- Work order -
Starting at the line that contains "Like Kai Tak", repeat each line of the listing below through the last one, exactly, and leave out every picture.
━━━ Dataset extract
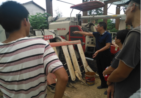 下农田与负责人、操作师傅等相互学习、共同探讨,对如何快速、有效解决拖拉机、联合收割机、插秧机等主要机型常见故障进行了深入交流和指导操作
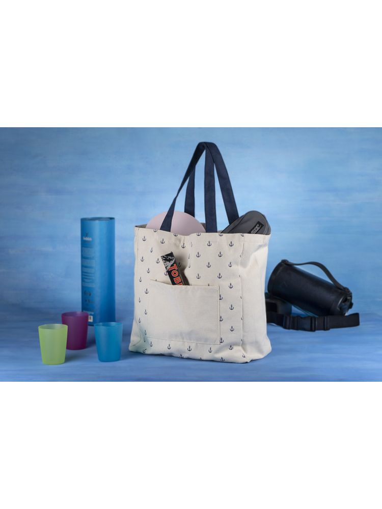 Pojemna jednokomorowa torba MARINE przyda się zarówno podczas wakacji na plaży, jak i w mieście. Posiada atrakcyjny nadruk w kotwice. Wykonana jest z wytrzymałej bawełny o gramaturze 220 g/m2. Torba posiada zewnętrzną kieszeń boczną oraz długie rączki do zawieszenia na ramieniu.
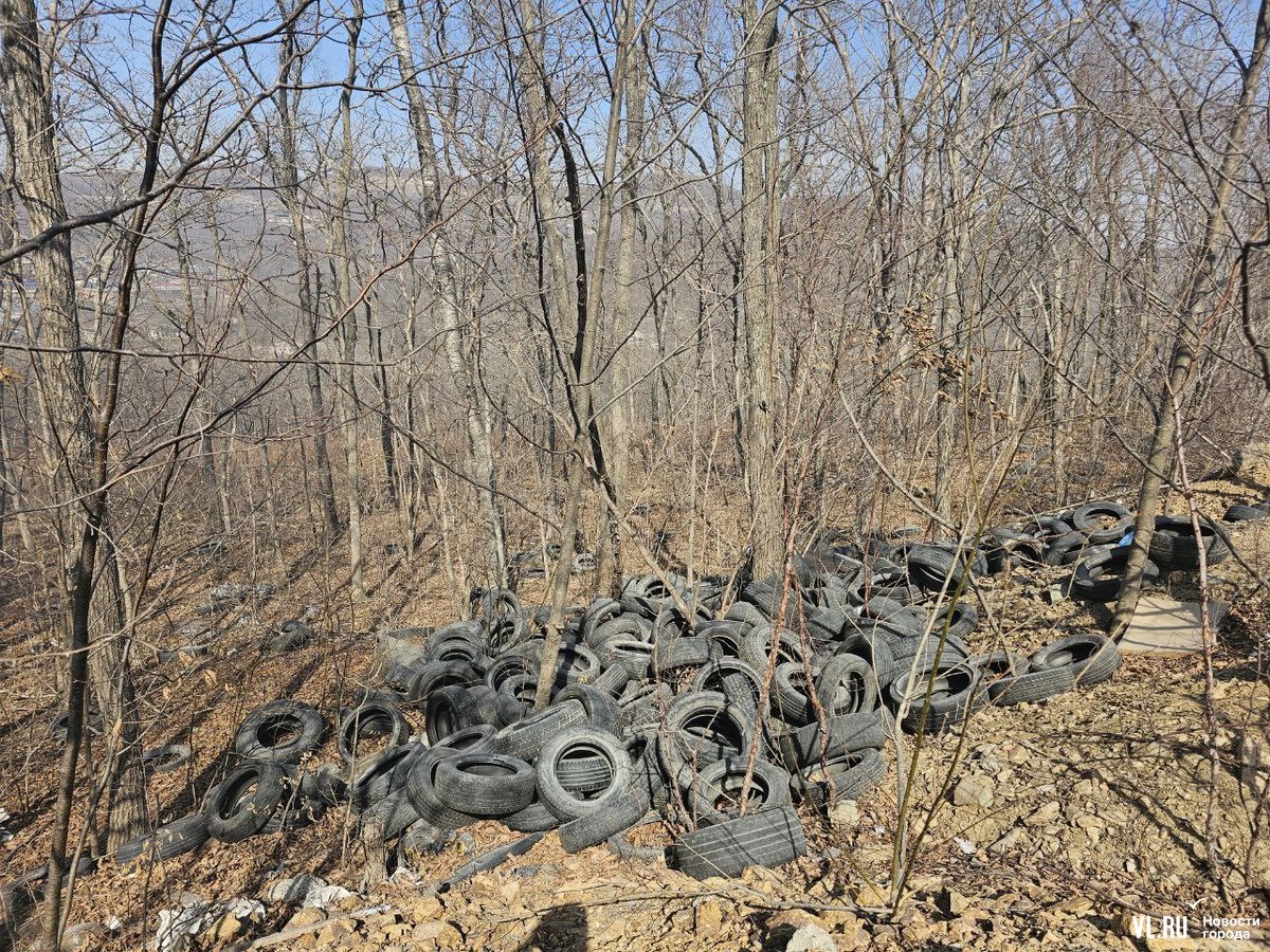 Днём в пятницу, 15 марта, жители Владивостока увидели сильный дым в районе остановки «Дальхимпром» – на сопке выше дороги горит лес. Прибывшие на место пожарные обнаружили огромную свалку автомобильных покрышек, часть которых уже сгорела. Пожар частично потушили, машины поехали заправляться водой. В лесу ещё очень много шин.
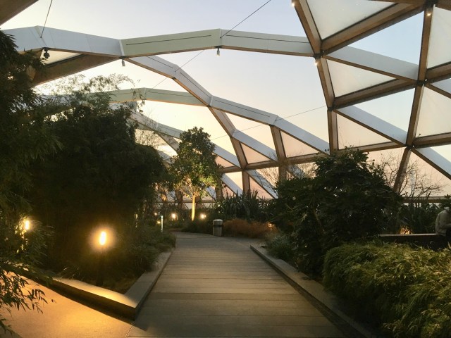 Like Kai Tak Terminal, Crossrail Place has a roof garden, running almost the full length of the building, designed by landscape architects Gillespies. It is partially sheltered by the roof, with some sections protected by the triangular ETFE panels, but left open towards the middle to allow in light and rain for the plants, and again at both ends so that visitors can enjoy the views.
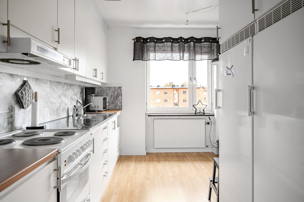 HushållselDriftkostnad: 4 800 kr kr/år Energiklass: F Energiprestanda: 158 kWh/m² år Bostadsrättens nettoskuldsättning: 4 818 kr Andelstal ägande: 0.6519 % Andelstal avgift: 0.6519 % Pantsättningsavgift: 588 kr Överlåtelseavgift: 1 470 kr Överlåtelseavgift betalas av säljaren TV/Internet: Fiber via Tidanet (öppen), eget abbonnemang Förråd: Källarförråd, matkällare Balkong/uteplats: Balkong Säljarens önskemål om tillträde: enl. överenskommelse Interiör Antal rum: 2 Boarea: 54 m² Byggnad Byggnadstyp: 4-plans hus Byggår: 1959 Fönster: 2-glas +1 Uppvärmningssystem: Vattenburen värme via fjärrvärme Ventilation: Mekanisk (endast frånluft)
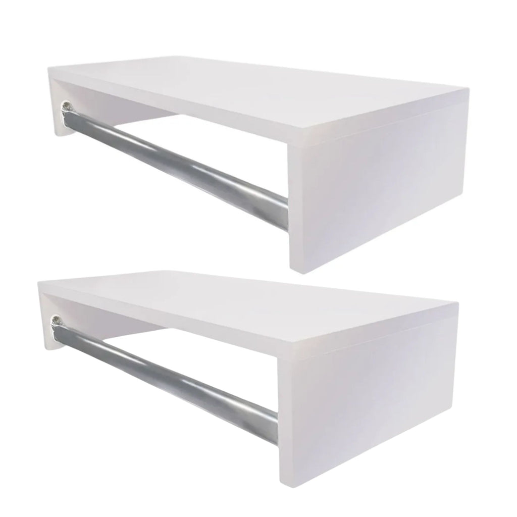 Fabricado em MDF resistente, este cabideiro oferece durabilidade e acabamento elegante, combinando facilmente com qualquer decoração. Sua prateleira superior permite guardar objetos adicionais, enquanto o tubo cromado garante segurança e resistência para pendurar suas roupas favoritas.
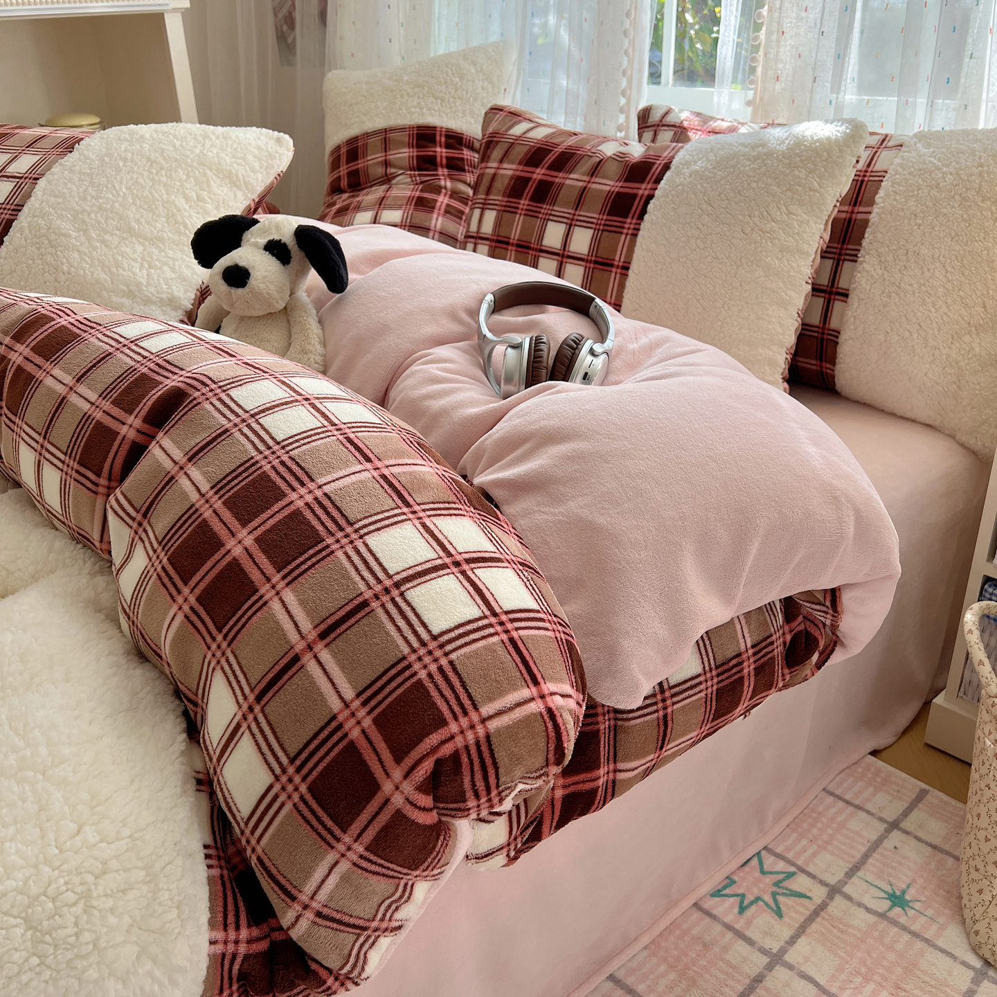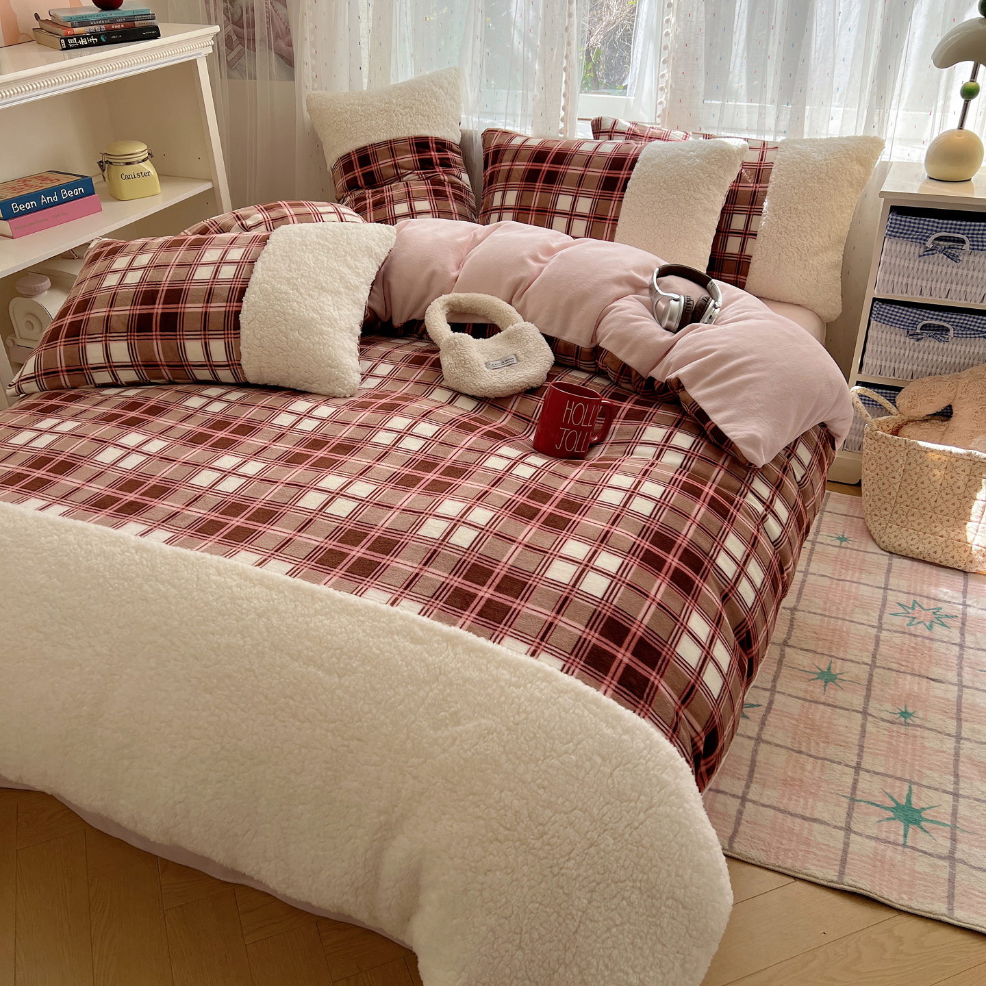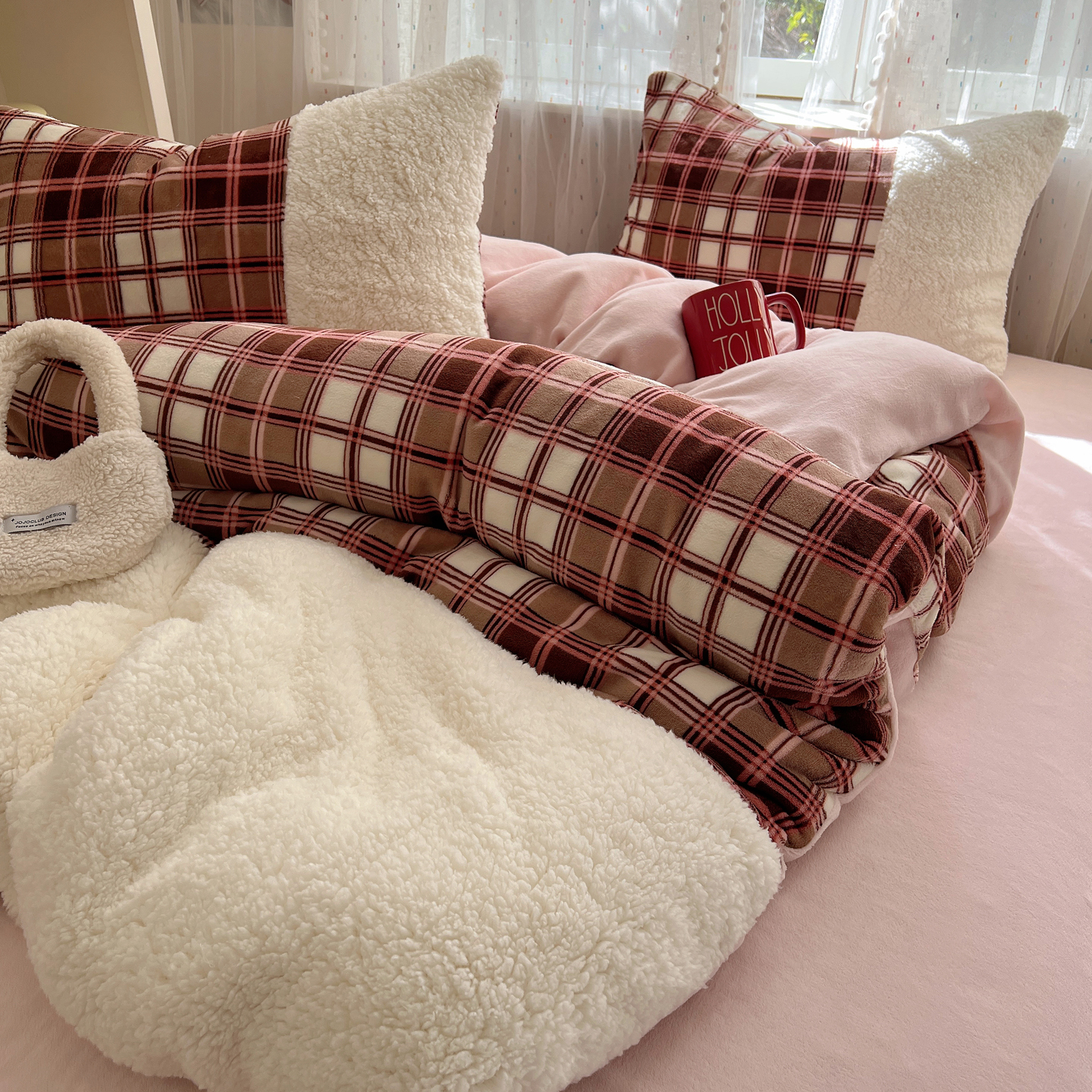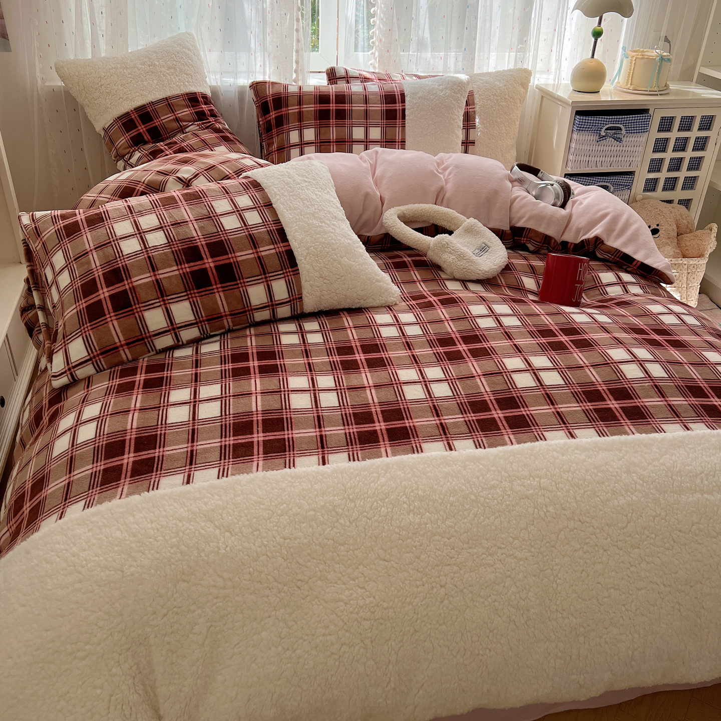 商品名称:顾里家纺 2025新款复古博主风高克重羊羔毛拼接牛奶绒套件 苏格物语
━━━━━━
- Answer section -
 Like Kai Tak Terminal, Crossrail Place has a roof garden, running almost the full length of the building, designed by landscape architects Gillespies. It is partially sheltered by the roof, with some sections protected by the triangular ETFE panels, but left open towards the middle to allow in light and rain for the plants, and again at both ends so that visitors can enjoy the views.
 HushållselDriftkostnad: 4 800 kr kr/år Energiklass: F Energiprestanda: 158 kWh/m² år Bostadsrättens nettoskuldsättning: 4 818 kr Andelstal ägande: 0.6519 % Andelstal avgift: 0.6519 % Pantsättningsavgift: 588 kr Överlåtelseavgift: 1 470 kr Överlåtelseavgift betalas av säljaren TV/Internet: Fiber via Tidanet (öppen), eget abbonnemang Förråd: Källarförråd, matkällare Balkong/uteplats: Balkong Säljarens önskemål om tillträde: enl. överenskommelse Interiör Antal rum: 2 Boarea: 54 m² Byggnad Byggnadstyp: 4-plans hus Byggår: 1959 Fönster: 2-glas +1 Uppvärmningssystem: Vattenburen värme via fjärrvärme Ventilation: Mekanisk (endast frånluft)
 Fabricado em MDF resistente, este cabideiro oferece durabilidade e acabamento elegante, combinando facilmente com qualquer decoração. Sua prateleira superior permite guardar objetos adicionais, enquanto o tubo cromado garante segurança e resistência para pendurar suas roupas favoritas.
 商品名称:顾里家纺 2025新款复古博主风高克重羊羔毛拼接牛奶绒套件 苏格物语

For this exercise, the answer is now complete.